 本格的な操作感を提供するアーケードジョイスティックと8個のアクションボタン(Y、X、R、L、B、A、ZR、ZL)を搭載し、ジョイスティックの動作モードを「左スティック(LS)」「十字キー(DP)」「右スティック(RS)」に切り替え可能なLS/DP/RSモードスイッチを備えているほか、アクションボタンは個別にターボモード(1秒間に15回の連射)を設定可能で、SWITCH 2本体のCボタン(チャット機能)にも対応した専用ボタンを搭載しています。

---

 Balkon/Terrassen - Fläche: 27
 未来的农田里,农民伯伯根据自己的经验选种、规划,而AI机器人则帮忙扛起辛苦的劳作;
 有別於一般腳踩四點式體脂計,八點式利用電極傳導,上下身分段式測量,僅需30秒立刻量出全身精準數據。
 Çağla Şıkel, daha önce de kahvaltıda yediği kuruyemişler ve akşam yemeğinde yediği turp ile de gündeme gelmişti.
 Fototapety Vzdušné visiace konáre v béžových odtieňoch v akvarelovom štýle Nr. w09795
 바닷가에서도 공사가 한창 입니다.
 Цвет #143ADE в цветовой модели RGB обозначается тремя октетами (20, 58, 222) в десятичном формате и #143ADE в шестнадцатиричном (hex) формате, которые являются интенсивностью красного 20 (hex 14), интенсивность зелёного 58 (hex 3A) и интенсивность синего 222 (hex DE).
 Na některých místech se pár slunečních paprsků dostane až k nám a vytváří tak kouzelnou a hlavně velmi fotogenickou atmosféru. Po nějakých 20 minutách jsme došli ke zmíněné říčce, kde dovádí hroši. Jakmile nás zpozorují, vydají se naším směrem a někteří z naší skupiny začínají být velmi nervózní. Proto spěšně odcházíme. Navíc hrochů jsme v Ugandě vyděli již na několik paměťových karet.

==

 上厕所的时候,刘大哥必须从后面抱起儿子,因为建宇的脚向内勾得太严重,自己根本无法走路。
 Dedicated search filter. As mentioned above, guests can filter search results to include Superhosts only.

== TASK OBJECTIVE ==
Output only an exact transcription of the lines above from the one with "未来的农田里,农民伯伯根据自" up to and including the one with "Na některých místech".

== OUTPUT OF THE TASK ==
 未来的农田里,农民伯伯根据自己的经验选种、规划,而AI机器人则帮忙扛起辛苦的劳作;
 有別於一般腳踩四點式體脂計,八點式利用電極傳導,上下身分段式測量,僅需30秒立刻量出全身精準數據。
 Çağla Şıkel, daha önce de kahvaltıda yediği kuruyemişler ve akşam yemeğinde yediği turp ile de gündeme gelmişti.
 Fototapety Vzdušné visiace konáre v béžových odtieňoch v akvarelovom štýle Nr. w09795
 바닷가에서도 공사가 한창 입니다.
 Цвет #143ADE в цветовой модели RGB обозначается тремя октетами (20, 58, 222) в десятичном формате и #143ADE в шестнадцатиричном (hex) формате, которые являются интенсивностью красного 20 (hex 14), интенсивность зелёного 58 (hex 3A) и интенсивность синего 222 (hex DE).
 Na některých místech se pár slunečních paprsků dostane až k nám a vytváří tak kouzelnou a hlavně velmi fotogenickou atmosféru. Po nějakých 20 minutách jsme došli ke zmíněné říčce, kde dovádí hroši. Jakmile nás zpozorují, vydají se naším směrem a někteří z naší skupiny začínají být velmi nervózní. Proto spěšně odcházíme. Navíc hrochů jsme v Ugandě vyděli již na několik paměťových karet.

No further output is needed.